Senna coronilloides, commonly known as brigalow senna, is a species of flowering plant in the family Fabaceae and is endemic to eastern Australia. It is an erect, sprawling shrub with pinnate leaves with nine to twelve pairs of elliptic leaflets, and groups of three to five yellow flowers in upper leaf axils.

==Description==
Senna coronilloides is an erect, sprawling, more or less glabrous, shrub that typically grows to a height of up to 3 m. Its leaves are pinnate, 50–90 mm long with nine to twelve pairs of elliptic leaflets, 10–20 mm long and 3–8 mm wide on a petiole 5–10 mm long. There are one or two stalked glands between the lowest pair of leaflets . The flowers are yellow and arranged in groups of three to five in upper leaf axils on a peduncle 10–20 mm long, each flower on a pedicel about 10 mm long. The petals are 10–13 mm long and there are ten fertile stamens, the anthers 4–6 mm long.
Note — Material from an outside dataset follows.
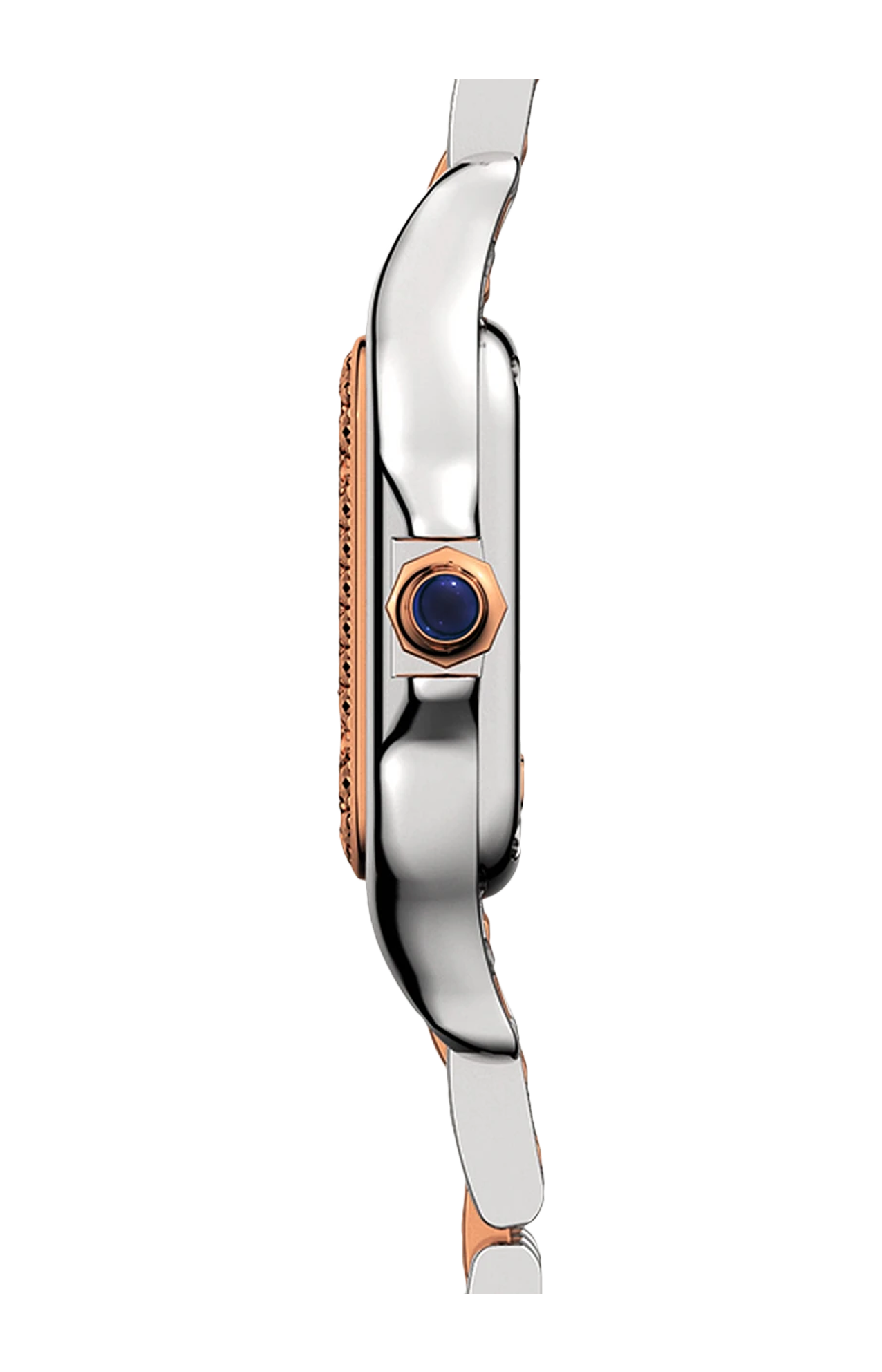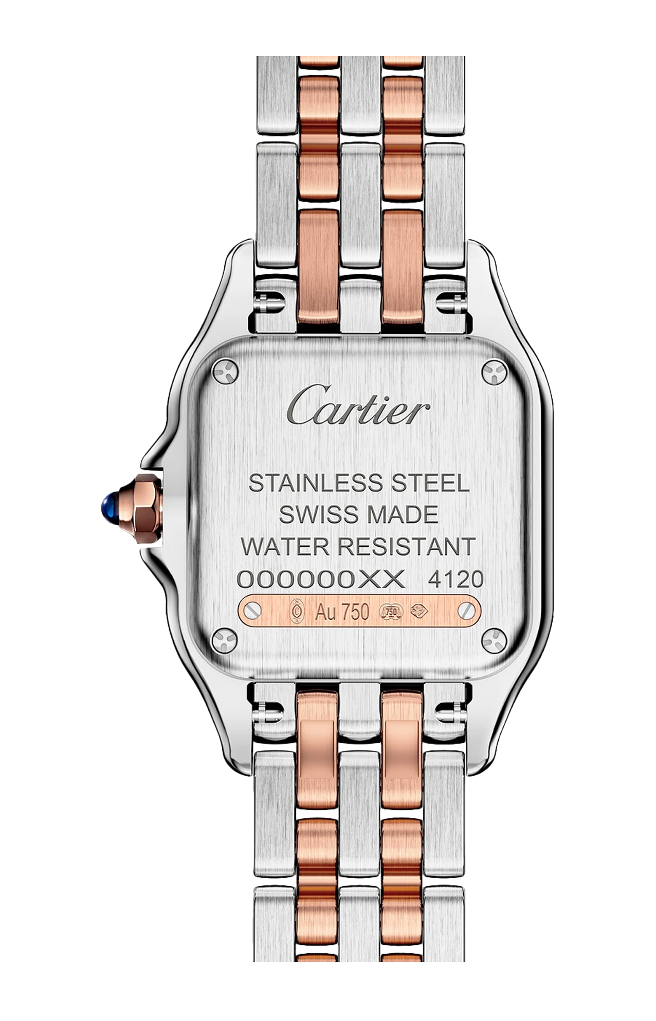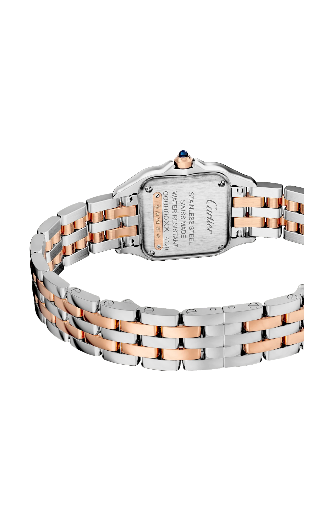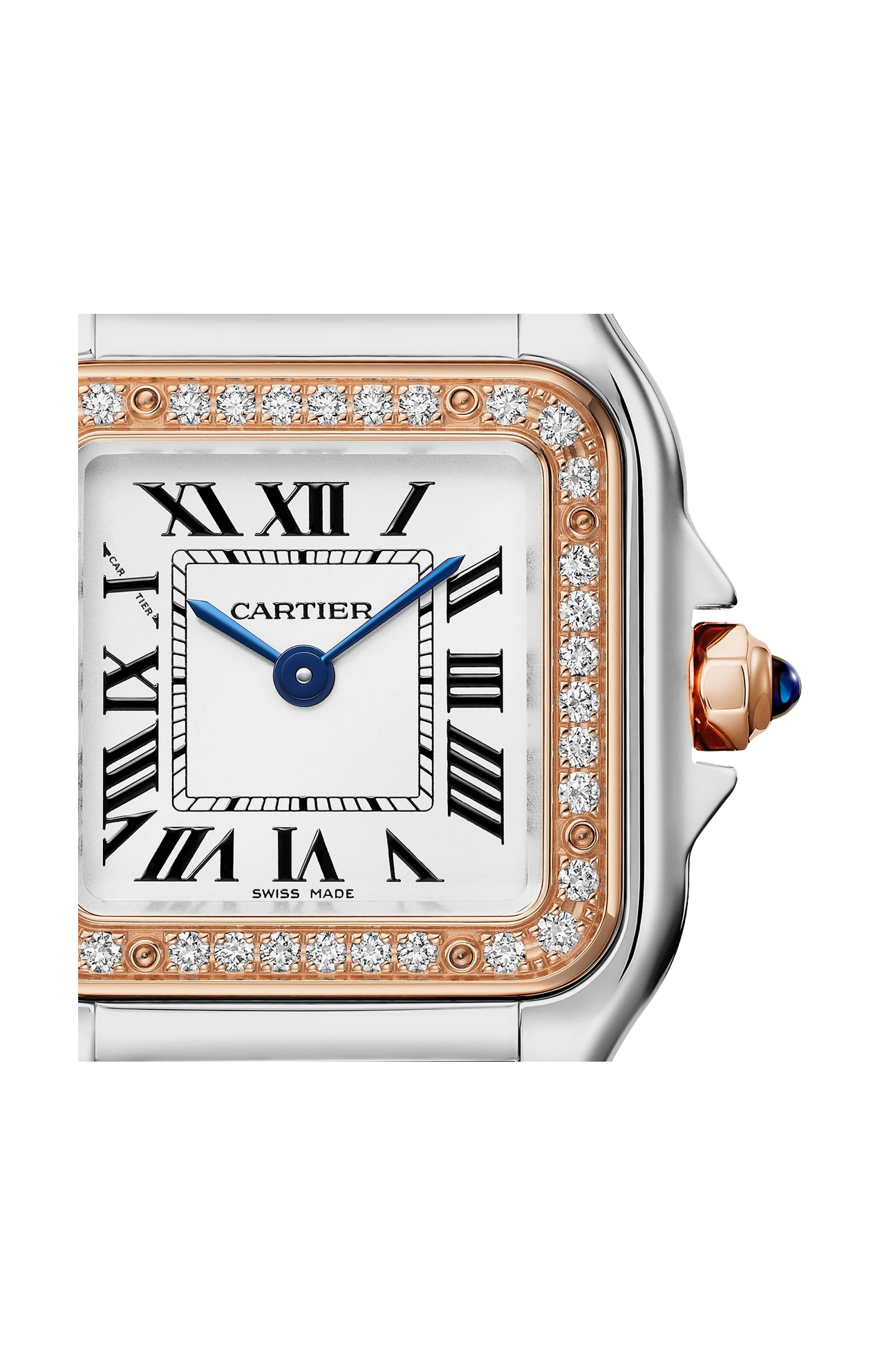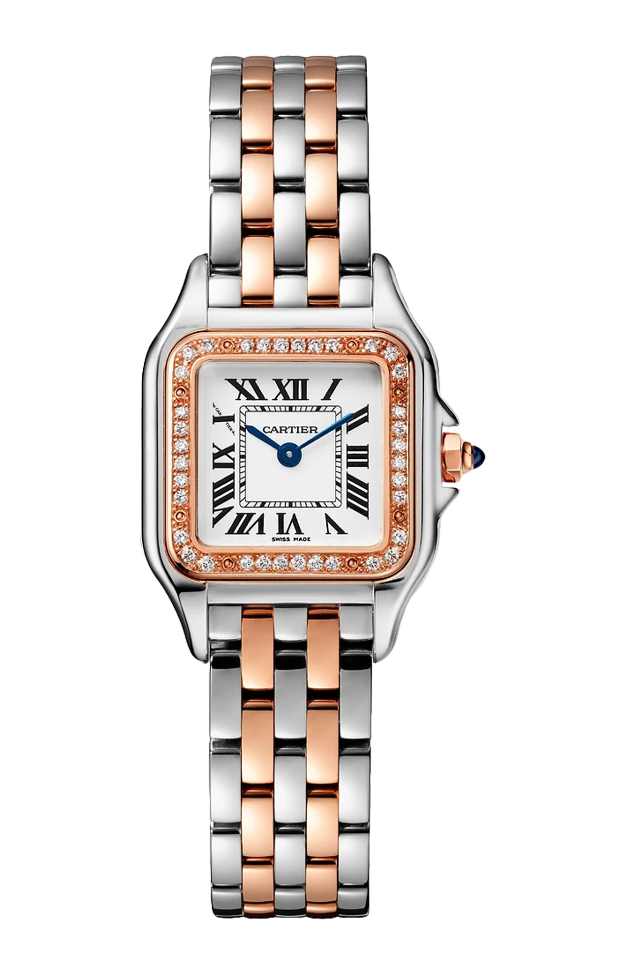 Orologio Panthère de Cartier, modello piccolo, movimento a quarzo. Cassa in oro rosa 750/1000 e acciaio, lunetta ornata di diamanti taglio brillante, dimensioni 22 x 30 mm, spessore 6 mm, corona ornata di uno spinello sintetico blu, quadrante argentato, lancette a forma di gladio d'acciaio azzurrato, bracciale in oro rosa 750/1000 e acciaio, impermeabile fino a 30 metri.

Flowering mostly occurs from spring to autumn, and the fruit is a thick but flattened pod 60–80 mm long and 4–6 mm wide.

==Taxonomy==
This species was first formally described in 1848 by George Bentham who gave it the name Cassia coronilloides in Thomas Mitchell's Journal of an Expedition into the Interior of Tropical Australia. In 1989, Barbara Rae Randell reclassified the species as Senna coronilloides in the Journal of the Adelaide Botanic Garden.

==Distribution and habitat==
Senna coronilloides grows in forest and brigalow woodland in south-eastern eastern Queensland and in New South Wales as far south as Scone.